Fastest way to count how many dates' ranges cover each date from series
And how to include pairs date-kind with 0 count?
Build a grid of all combinations then LATERAL
join to your table, like this:
SELECT k.kind, d.as_of_date, c.n
FROM (SELECT DISTINCT kind FROM dates_ranges) k
CROSS JOIN (
SELECT d::date AS as_of_date
FROM generate_series(timestamp '2018-01-01', timestamp '2018-01-03', interval '1 day') d
) d
CROSS JOIN LATERAL (
SELECT count(*)::int AS n
FROM dates_ranges
WHERE kind = k.kind
AND d.as_of_date BETWEEN start_date AND end_date
) c
ORDER BY k.kind, d.as_of_date;
Should also be as fast as possible.
I had LEFT JOIN LATERAL ... on true
at first, but there is an aggregate in the subquery c
, so we always get a row and can use CROSS JOIN
as well. No difference in performance.
If you have a table holding all relevant kinds, use that instead of generating the list with subquery k
.
The cast to integer
is optional. Else you get bigint
.
Indexes would help, especially a multicolumn index on (kind, start_date, end_date)
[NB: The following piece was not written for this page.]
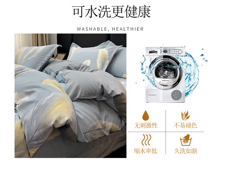 | Especificaciones de tamaño | 0,9 m sábanas de tres piezas (edredones 150 * 200 sábanas 160 * 230 fundas de almohada 48 * 74 * 1), 1,2 m sábanas de tres piezas (edredones 160 * 210 sábanas 180 * 245 fundas de almohada 48 * 74 * 2), 1,35 m sábanas de cuatro piezas (edredones 180 * 220 sábanas 245 * 250 fundas de almohada 48 * 74 * 2), 1,5 m sábanas de cuatro piezas (edredones 200 * 230 sábanas 245 * 250 fundas de almohada 48 * 74 * 2), 1,8 m sábanas de cuatro piezas 200 * 230 sábanas 245 * 250 fundas de almohada 48 * 74 * 2), 2,2 m sábanas de cuatro piezas juegos 220 * 240 sábanas 245 * 270 fundas de almohada 48 * 74 * 2) |

. Since you are building on a subquery, this may or may not be possible to achieve.
Using set-returning functions like generate_series()
in the SELECT
list is generally not advisable in Postgres versions before 10 (unless you know exactly what you are doing). See:
- What is the expected behaviour for multiple set-returning functions in select clause?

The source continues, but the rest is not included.